Dan Corry, chief executive of thinktank New Philanthropy Capital and former head of the Number 10 Policy Unit under Prime Minister Gordon Brown, makes the case for Public Service Agreements as a key tool in helping governments produce the outcomes they want to achieve.
He recently joined ICAEW Managing Director for Reputation and Influence Iain Wright, ICAEW Director for Public Sector Alison Ring and other policy experts at an ICAEW-Fabian roundtable with Shadow Chief Secretary to HM Treasury Bridget Phillipson to discuss the challenges of delivering policy objectives while at the same time ensuring sustainable public finances.
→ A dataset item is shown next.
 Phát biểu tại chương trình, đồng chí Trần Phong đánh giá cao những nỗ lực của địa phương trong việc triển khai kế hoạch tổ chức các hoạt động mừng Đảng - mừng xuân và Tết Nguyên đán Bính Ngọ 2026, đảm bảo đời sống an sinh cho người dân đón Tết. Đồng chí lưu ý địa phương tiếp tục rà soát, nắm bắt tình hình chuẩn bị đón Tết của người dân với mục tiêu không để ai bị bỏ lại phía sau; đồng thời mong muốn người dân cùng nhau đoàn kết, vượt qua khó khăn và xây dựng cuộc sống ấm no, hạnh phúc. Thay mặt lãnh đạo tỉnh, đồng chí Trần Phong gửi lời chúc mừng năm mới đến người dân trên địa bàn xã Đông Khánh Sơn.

Corry thinks clear accountability for delivering on policy objectives is essential to getting the machinery of government to work effectively, saying: “Every organisation needs to use its resources carefully. You will have a limited pot of money, as well as staff time. So, as you dish it out to your different divisions, projects and programmes, you want to know what it is being used for and hold some sort of accountability that it does in the end deliver that project.
Nobody finds any of this easy. Metrics are hard, various incentives play themselves in and out, and priorities change mid-term.
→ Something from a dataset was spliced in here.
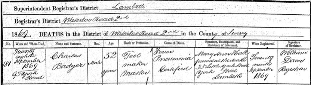 Charles Badger (1817-1869) lived with his wife Isabella at 1 Stangate St. in Lambeth, and reported his occupation as ” Master Tool Maker” for the UK census in 1861.

Now, when you get to the level of a government, things get even trickier. So much is going on that it is hard to see the wood for the trees. It is easy therefore to feel with hindsight that a lot got spent but you are not really sure what was achieved and whether that was what you wanted to achieve. The public feels this, too.
Governments have tried different ways of addressing this problem, but one that worked pretty well was Public Service Agreements (PSAs). Brought in by the Labour government in 1998 and reformed several times, they were a brave attempt to be up front about what the government was trying to achieve and to link the granting of money to departments to these aims. A firm accountability system, with measures and metrics, was also part of the package.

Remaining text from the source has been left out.